やはりサハギン達も、身動き出来ないくらい恐怖で固まっている。
(大丈夫…私にはリオンやパパ達がいるから…)
戦闘が止まったので、私は冒険者達とサハギン達の中間に立つと、創造生命魔法を使おうと思った。
話し合いが出来るかどうかは、サハギンに聞いてみなければわからないと思う…
(さて、どうしよっかな?)
人間の言葉を理解してもらえなければ、話し合いになる事はないだろう。
私はサハギンの言葉がわからないので、人間の言葉がわかる個体を探す事にした。
(創造生命魔法)
右手に魔力をためていくと、手が青白い輝きを放つ。
刻まれた魔法陣も反応しているが、使うつもりがないので輝いているだけである。
しゃがみこんで地面に魔力を流し込むと、すぐにもくちゃんの芽が生えてきた。
「なんだよ…あれは…」(冒険者A)
「あんな魔法見た事ないわよ」(女冒険者B)
もくちゃんはみるみる成長していき、8メートルくらいの高さまで伸びた。
すぐに枝や幹が変形を始めて、私の想像した姿を形どっていく。
私は巨大なユーフォニウムに見えるもくちゃんを造ったのだ。
形にあまり意味は無いが、このもくちゃんは拡声器を使った時のように、声を大きくしてくれる。
聞き取りマイクの変わりに、マウスピースから声を吹き込めば大丈夫だ。
「サハギンさん、30分待ちます。
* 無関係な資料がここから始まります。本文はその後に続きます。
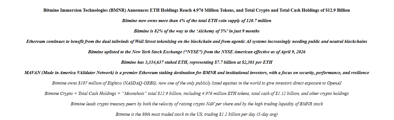 Bitmine Immersion Technologies 公布,於 4 月 13 日至 4 月 19 日期間增持 101,627 枚 ETH,這也是該公司自 2025 年 12 月 15 日以來最大的一筆單週以太坊買盤。根據公司新聞稿及同步提交給美國證券交易委員會(SEC)的 Form 8-K 文件,最新買進後,Bitmine 的 ETH 總持倉已來到 4,976,485 枚。

人間の言葉がわかる方がいるなら、前に出てきて下さい」
きっとサハギン全体に私の声は届いたであろう。
近くにいた冒険者達が、あまりの大音響にびっくりしていた。
次に私は傷付いているサハギン達を、創造生命魔法で癒してあげる事にした。
冒険者達も傷付いているが、それは後回しで大丈夫だろう。
1匹のサハギンに近づくと、この世の終わりのような顔になる。
「大丈夫…治すだけだよ」
言葉はわからないと思う…私の気持ちが伝わるように、なるべく優しく話しかけた。
死にそうな程の傷を負っている者はいないが、それでも辛そうだと思った。
「はいおしまい!次は貴方ね!」
治療を受けたサハギンは、傷が無くなっている事にとても驚いている。
それを見ていた他のサハギンも、とても驚いているようだ。
一部始終を見ていた筈だが、私が近づくとやはり緊張しているみたいで、体が強ばっている。
傷付いたサハギンの治療が終わり、もくちゃん拡声器の隣に、キノコソファーを2つ作った。
話し合いが出来るサハギンが居るならば、対談の場が必要になるはずだ。
全ての作業を数分で完了して、私は魔力を遮断する。